● **Problem to work on**
Without any pictures, print the lines below from the one that has "3月11日,人民政协网、中国" through the one that has "ウール混合 56cm 紺", exactly and nothing else.

● **Records for this task**

====

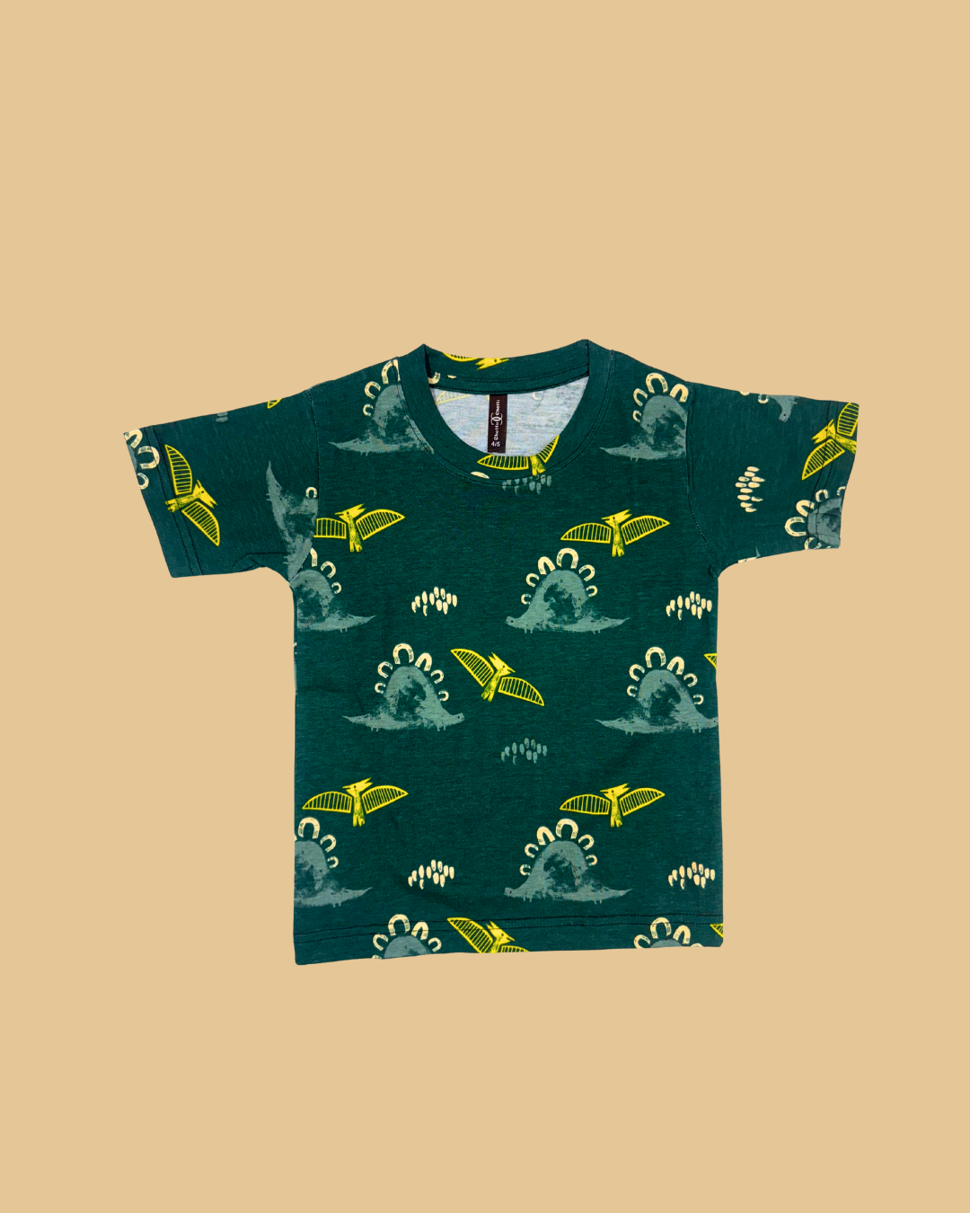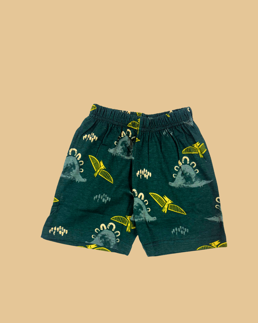 Green Dino Print Kids Shorts Coord Set (Unisex) - Shorts with Single Side Packet
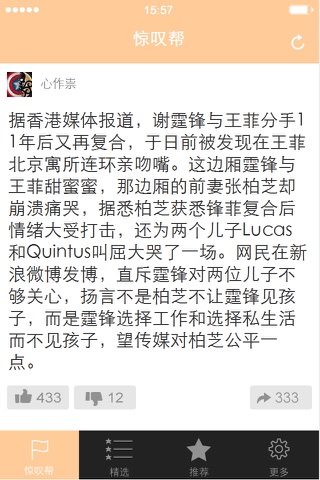 最具原创精神的娱乐八卦社区,人民群众智慧原创,其中网友活跃,写手众多,爆料层出不穷,让你惊叹不已。
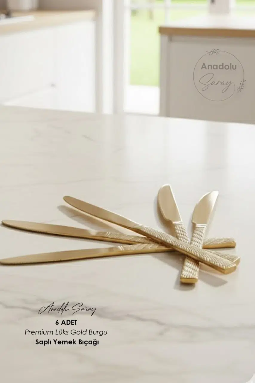 Zengin Altın Kaplama: Bıçakların yüzeyindeki parlak altın kaplama, ürüne "premium" bir hava katar. Bu lüks kaplama, en özel davet sofralarınızda bile göz alıcı bir şıklık sunar.
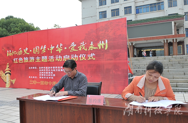 副校长宋宏福、程智开分别代表学校与祁阳浯溪碑林风景名胜区签署合作框架备忘录,接收“永州红色旅游研究基地”牌匾。
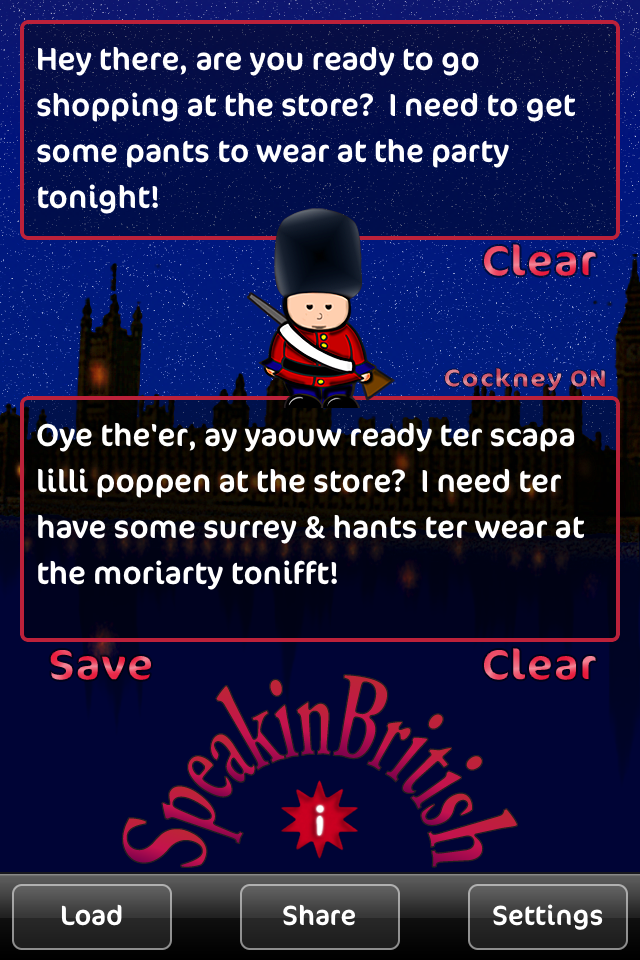 Ello chaps! Speakin British is a smashing app that adds a British accent and/or a little cockney slang to your messages. Indeed, it is easy to use, just type a message and translate it in the tap of a button. Your translations can then be shared in a moment's notice to all your friends! Chin wag with your blokes and send them cockney messages that are full of gobbledygook or impress your bird with a sexy, distinguished accent like James Bond ! So, the Best of British to you, Cheerio!
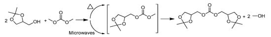 In the above context, solketal carbonate was synthesized via microwave-assisted reaction of solketal with dimethyl carbonate under catalyst- and solvent-free reaction conditions. The method presented in this contribution is green and less harmful to the environment compared to the previously described conventional alkali-catalyzed method.
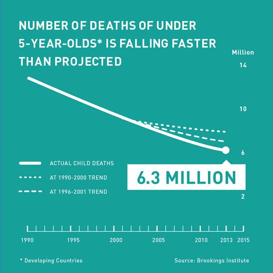 对我来说,衡量人类进步的最好方式之一,就是看看有多少儿童死于可以预防的原因。现在,能活着度过5岁生日的儿童比以往任何时候都多。到今年为止,全球儿童死亡率已经至少连续42年下滑。事态不仅向着正确的方向发展,速度也超出所有人的预期。《经济学人》今年9月发表的一篇文章估计,自2001年以来,全世界已经挽救了1360万儿童的生命。很难想象出还有比这更能象征社会进步的指标。
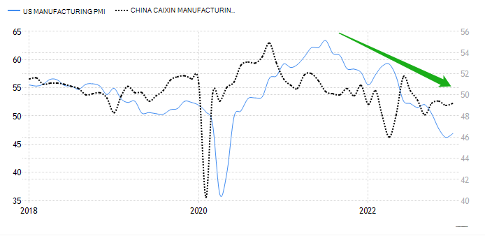 在印度尼西亚铜矿厂停产之前,铜期货和江西铜业股份已经处于中期上涨趋势之中。2022年7月15日至今,铜期货累计上涨26.01%,最高触及9550.5美元/吨;江西铜业股份累计上涨54.55%,最高触及14港元/股。本轮长是主要源于供需不平衡。铜主要应用于电气、机械制造、建筑工业、交通运输等领域。总的来说,制造业对铜的需求量最大,而衡量制造业所处经济周期的指标为制造业PMI。中国和美国是全球最大的两个经济体,两者制造业PMI数据的走向,代表了全球制造业的发展趋势。
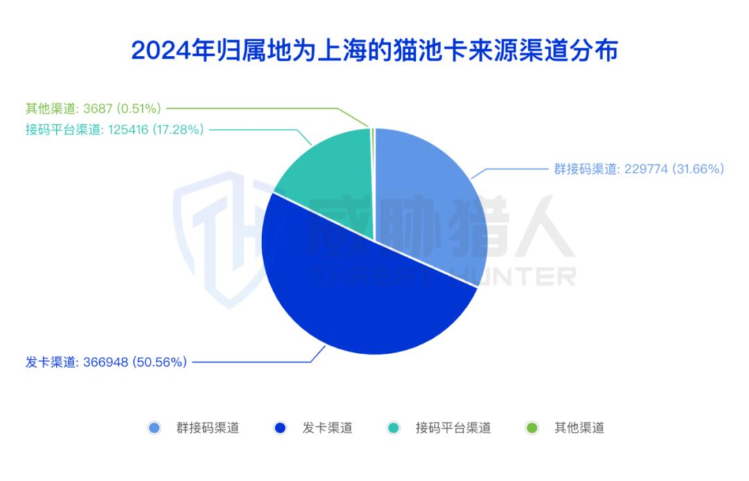 通过对上海今年新增的猫池卡来源渠道分析,发现来自发卡平台的猫池卡数量占比超过一半:
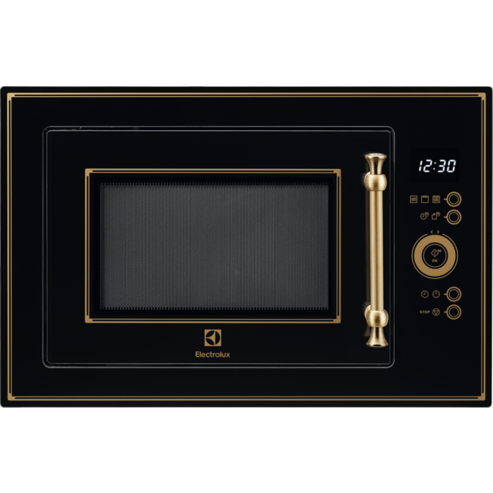 Нова вбудована мікрохвильова піч з грилем Electrolux EMT25203OK з колекції Electrolux Rococo виконана в чорному кольорі з латунною фурнітурою. Елегантний дизайн даної серії кухонних приладів створює затишну домашню атмосферу на кухні і залишає теплі спогади про час, проведений за сімейним столом. Вбудована мікрохвильова піч не займає місце на робочій поверхні та більш проста у догляді. Широкий функціонал даної моделі дозволяє не тільки розігрівати, але й готувати повноцінні страви, використовуючи режими з грилем і мікрохвилями.
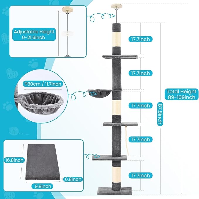 - Dimension: The main body of the cat tree is 87.8in high, and can be adapted to the ceiling of 89-109 in through splicing and adjustable screw rods. By utilizing the vertical space from floor to ceiling, this cat tree design optimizes space utilization. It's a great solution for cat owners who want to provide their cats with vertical enrichment while minimizing clutter.
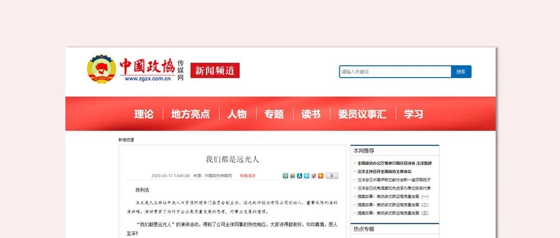 3月11日,人民政协网、中国政协传媒网先后转发公司董事长2005年为企业内刊《我们都是远光人》所作的序文,点赞陈利浩在创立之初,就将远光软件定位为“包括管理层在内的全体同事同舟共济的自治体”。
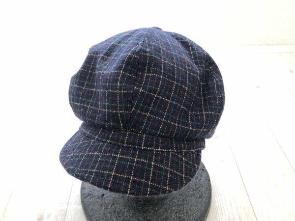 > パーソンズ PERSON'S レトロ トラッド ステッチ チェック ツイード キャスケット ハット 帽子 レディース ウール混合 56cm 紺
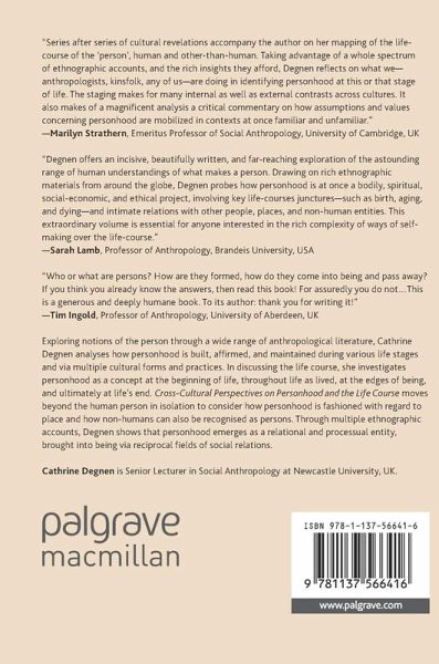 Exploring notions of the person through a wide range of anthropological literature, Cathrine Degnen analyses how personhood is built, affirmed, and maintained during various life stages and via multiple cultural forms and practices. In discussing the life course, she investigates personhood as a concept at the beginning of life, throughout life as lived, at the edges of being, and ultimately at life's end. Cross-Cultural Perspectives on Personhood and the Life Course moves beyond the human person in isolation to consider how personhood is fashioned with regard to place and how non-humans can also be recognised as persons. Through multiple ethnographic accounts, Degnen shows that personhood emerges as a relational and processual entity, brought into being via reciprocal fields of social relations.
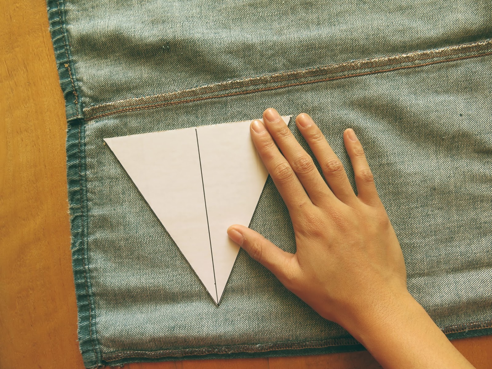 Place the pennant template on the flat surface of the inside of the jeans and start to trace the template onto the jeans with a black marker.Step 4: Cut Out Pennant Flags

====

● **Solved problem**
 3月11日,人民政协网、中国政协传媒网先后转发公司董事长2005年为企业内刊《我们都是远光人》所作的序文,点赞陈利浩在创立之初,就将远光软件定位为“包括管理层在内的全体同事同舟共济的自治体”。
 > パーソンズ PERSON'S レトロ トラッド ステッチ チェック ツイード キャスケット ハット 帽子 レディース ウール混合 56cm 紺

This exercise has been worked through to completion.